Odinga now serves as prime minister of Kenya in a power-sharing agreement after he accused Kibaki of rigging the last election. Kisumu erupted in violence after his constiuents heard the news that Odinga had not won the election.

Uhuru Kenyatta is heir to the dynasty left by Kenya’s founding president, Jomo Kenyatta who wrestled Kenya away from British control but managed to leave his son as the richest man in Kenya and one of its largest landowners.

Violence and corruption has been part of Kenya’s political heritage from the beginning and politicians have been allowed to use voters throughout their districts to achieve both their personal and political goals for a very long time. As Kenya’s new constitution gives the country’s districts a greater autonomy this could help to polarize rather than blend traditional tribal districts together. There are still sections of the country where Kenyans who were born into one tribe would not be allowed to settle in districts controlled by another more intolerant tribe. These families might be tolerated for a time but would definitely feel like outsiders, even threatened with death when tribal events such as elections rolled around again. Hundreds of Kukuyu familes had their houses burned to the ground by members of the Luo tribe during the 2007 elections. Many of these families remain homeless and are still living in refugee camps financed by the Kenyan goverment.

According to the latest World Bank fiscal report on the economy of Kenya, the government increased interest rates and lowered the fiscal deficit by curbing expenditures.  These actions helped to stabilize the economy.  Kenya’s economy is gradually recovering and is expected to grow by 5% this year, but additional external shocks such as the massive upheaval of businesses and exports, especially the tourism industry which were all negatively impacted by the demonstrations and violence during the election of 2007could place East Africa’s largest economy in jeopardy.

The latest opinion poll by Infotrak released on November 10th, 2012 showed that Prime Minister Raila Odinga is the front runner for president with 35 % of the country’s voters ready to vote for him compared to the 24% who prefer Deputy Prime Minister, Uhuru Kenyatta but neither man is in the position yet to win the presidency without help. Asked if Kenya is moving in the right direction, 49 % of respondents disagreed, saying the cost of living standards has gone up, corruption has increased, and unemployment is high.
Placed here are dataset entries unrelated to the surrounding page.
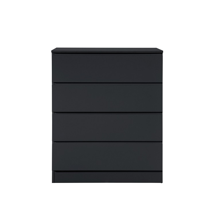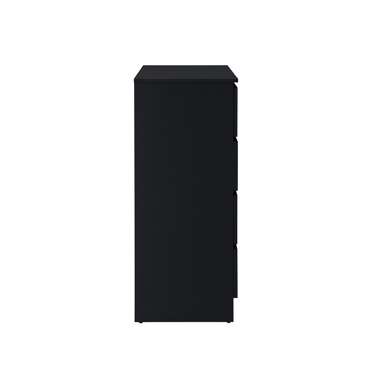 Oslo 4 Drawer Chest in Black — Modern & sleek the Oslo range is bedroom furniture with a streamlined design. It's simple design and minimal grooved handles has a sleek finish that pairs perfectly with any contemporary décor. The Oslo 4 Drawer Chest is designed with four spacious drawers and is ideal for storing away any belongings. Care instructions: Wipe carefully with a soft, dry cloth.
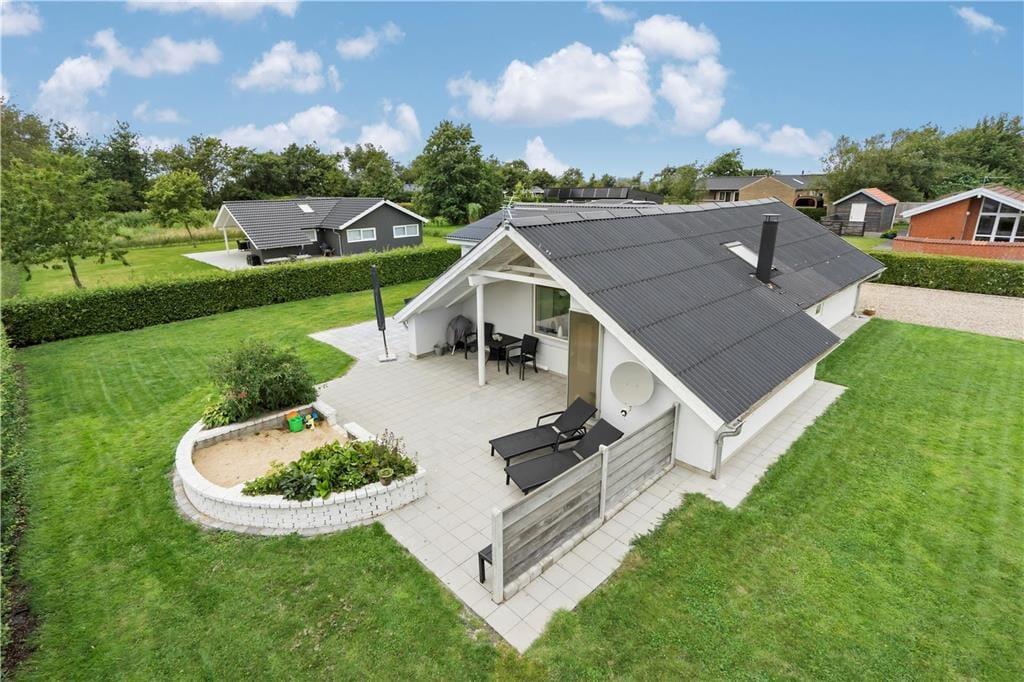 Afslapningsstunderne kan også foregå ude i det fri, for en rolig eftermiddag på sommerhusets store terrasse kan være den helt rette måde at få ladet batterierne op på. Terrassen har et mindre overdækket areal, men er ellers helt åben, og solforholdene er gode. I indkørslen kan der sagtens holde flere biler, og resten af grunden er helt enkelt holdt med græsplæne og randbeplantning.
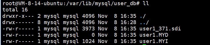 user1 表存储引擎是 MyISAM ,在数据目中有三个不同的文件,分别是:
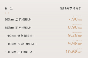 吉利银河 L6 EM-i 此次推出的限时先享指导价仅 7.98 万元起,涵盖 5 款不同配置车型,为不同预算和需求的消费者提供了多样化的选择。同时,其上市权益诚意满满,极具吸引力。
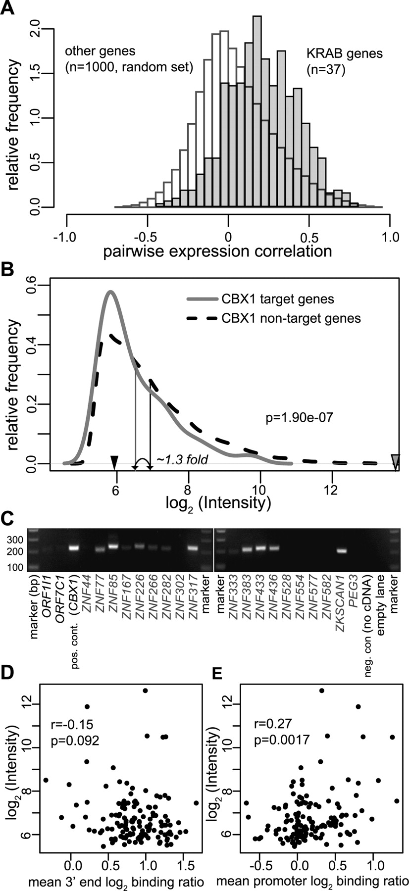 Expression of KRAB-ZNF genes and CBX1 target genes. (A) KRAB-ZNF genes are coexpressed in 79 human tissues. Microarray expression data for 37 KRAB-ZNF genes or 1000 randomly picked non-KRAB-ZNF genes were obtained from Su et al. (2004). For each gene pair, the pairwise Pearson correlation in expression throughout 79 different tissues was calculated. Histograms present pairwise correlation coefficients between KRAB-ZNF genes (gray) or non-KRAB-ZNF genes (white). (B) CBX1 target genes have slightly lower expression levels than CBX1 nontarget genes in MCF7 cells. MCF7 expression profiles were made on coding region oligonucleotide arrays and the density distribution of spot intensities (log2 √(Cy5 × Cy3)) of CBX1 target genes (gray line) and CBX1 nontarget genes (dashed black line) is shown. The average spot intensity per group is indicated by vertical arrows. P-value is according to the Wilcoxon rank sum test. The expression levels of an inactive gene (Testis-Specific Serine Kinase Substrate) and a highly active gene (beta-actin) are indicated by black and gray arrowheads, respectively. (C) The majority of KRAB-ZNF genes is expressed in MCF7 cells. RT-PCR of 19 KRAB-ZNF genes. ZNF436, ZNF167, ZKSCAN1, and ZNF282 are located on chromosomes 1, 3, 7, and 7, respectively. The other KRAB-ZNF genes are located on Chr19. Controls include the ORF1I1 and ORF7C1 olfactory receptor genes that are expected to be repressed in MCF7 cells, CBX1 that is expressed in MCF7 cells, and a negative control with CBX1 primers without cDNA. (D,E) Correlation between expression level and CBX1 binding to 3′ end (D) or promoters (E) of KRAB-ZNF genes. Average CBX1 binding to the last 3′ 2 kb or to the 2 kb surrounding the transcriptional start site of 139 KRAB-ZNF genes was linked to the expression data from B. P-values are according to Spearman’s ρ statistic.
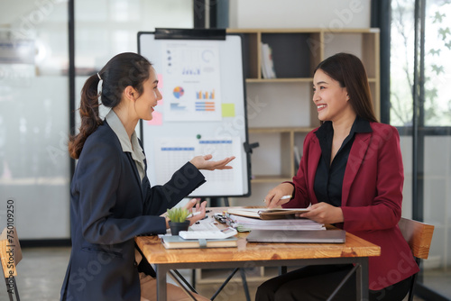 Two asian businesswomen discussing and reviewing documents in office. Professional workplace consultation. Corporate business and teamwork concept.
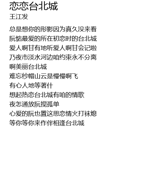 | xiǎng qǐ rè liàn tái běi chéng yǒu zán de qíng gē | |
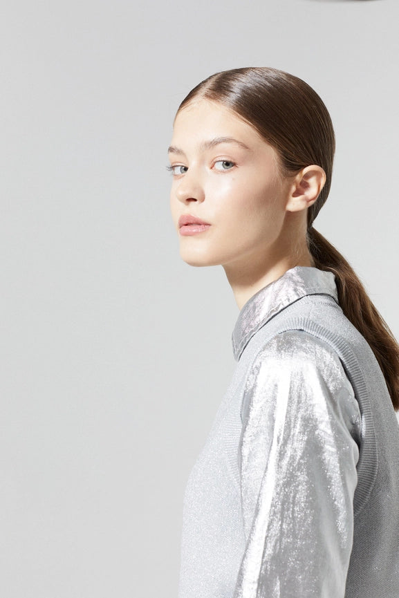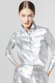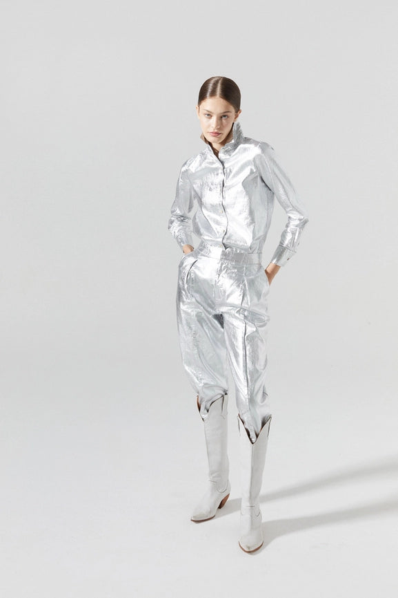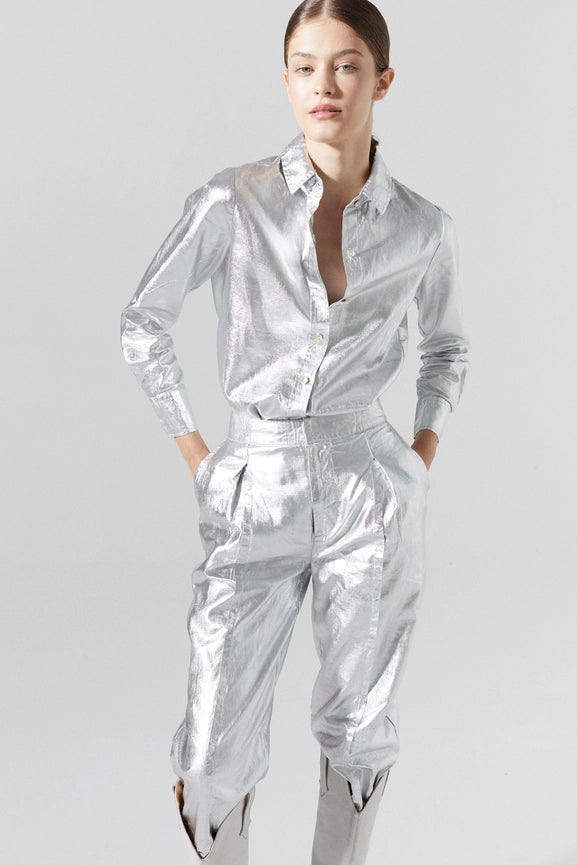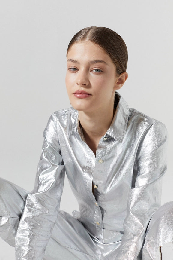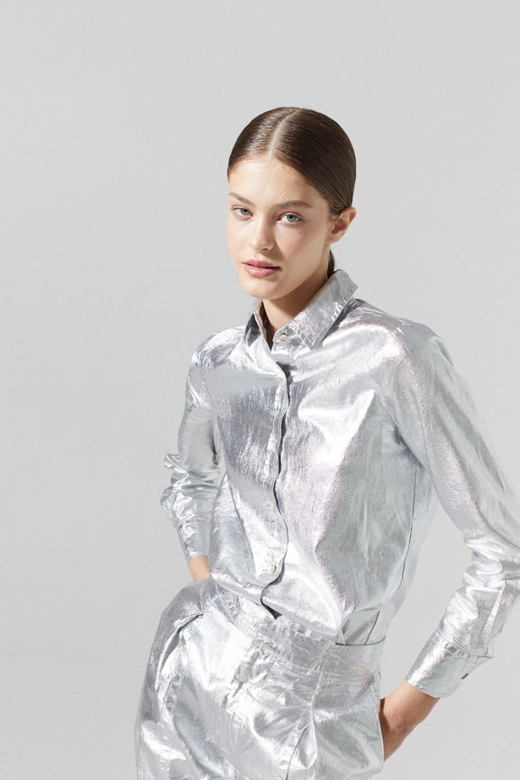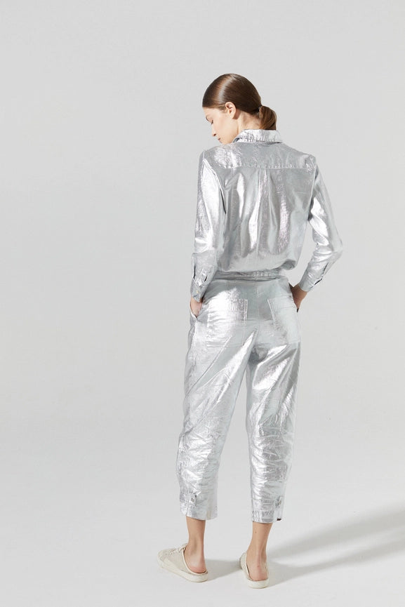 Elevate your wardrobe with our San Marino metallic linen shirt. Made with 100% organic linen, the foil print adds a touch of glamour. The curved hemline creates a flattering silhouette, and the fade-out wash gives it an aged appearance. Pair with caution due to potential variations in color.ч
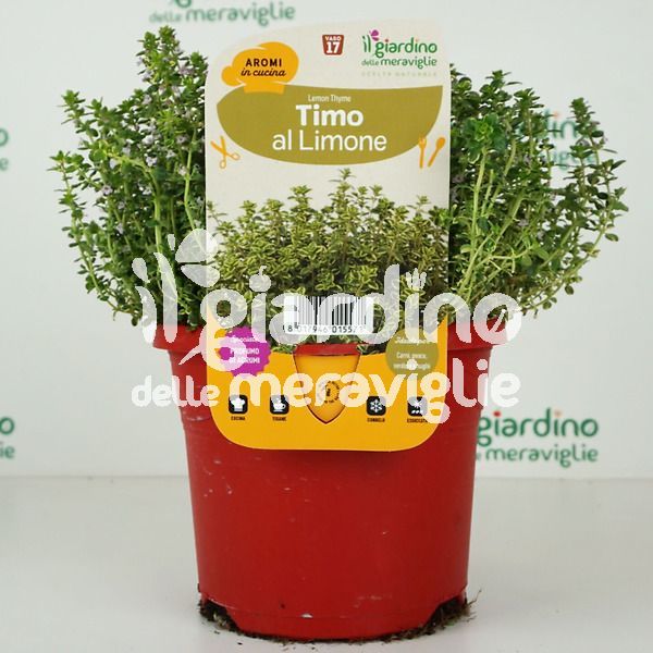 Il timo al limone è una pianta aromatica dall'odore intenso di limone e dal sapore inconfondibile, adatto per condire carni, arrosti, pesce. Il timo al limone forma dei cespi compatti a sfera di colore verde e giallo oro, ricco di rami che tendono a lignificarsi rapidamente. Produce fiori profumatissimi di colore bianco dalla primavera all'estate. E' tipico delle zone mediterranee in ambienti aridi, poveri e sassosi. Vengono raccolte le foglie per essere consumate fresche o per avviare il processo di essiccazione e quindi di conservazione in barattoli di vetro.
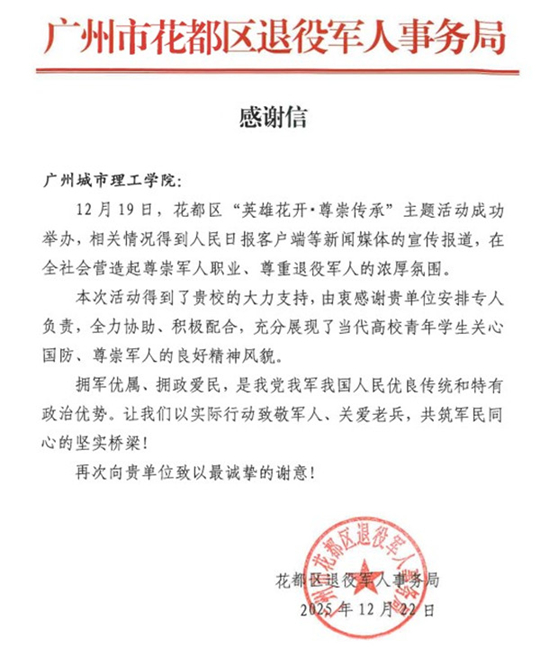 12月22日,廣州城市理工學(xué)院收到一封來(lái)自廣州市花都區(qū)退役軍人事務(wù)局的感謝信。信中對(duì)學(xué)校在12月19日“英雄花開(kāi)·尊崇傳承”雙擁主題活動(dòng)中給予的大力支持致以誠(chéng)摯謝意。這份滿載認(rèn)可的感謝信,既是對(duì)全校師生積極參與雙擁工作的高度贊譽(yù),更是對(duì)學(xué)校深耕國(guó)防教育、厚植家國(guó)情懷育人成效的充分肯定。

Hopefully for the benefit of the entire country, the Prime Ministers will uphold their pledges and agree to run peaceful campaigns and that these most recent incidents of tribal violence will end by the time the 2013 elections come round. Maybe then, Kenyans will begin to vote as citizens of Kenya and not exercise their democratic rights constricted by the political affiliations of the tribes into which they were born.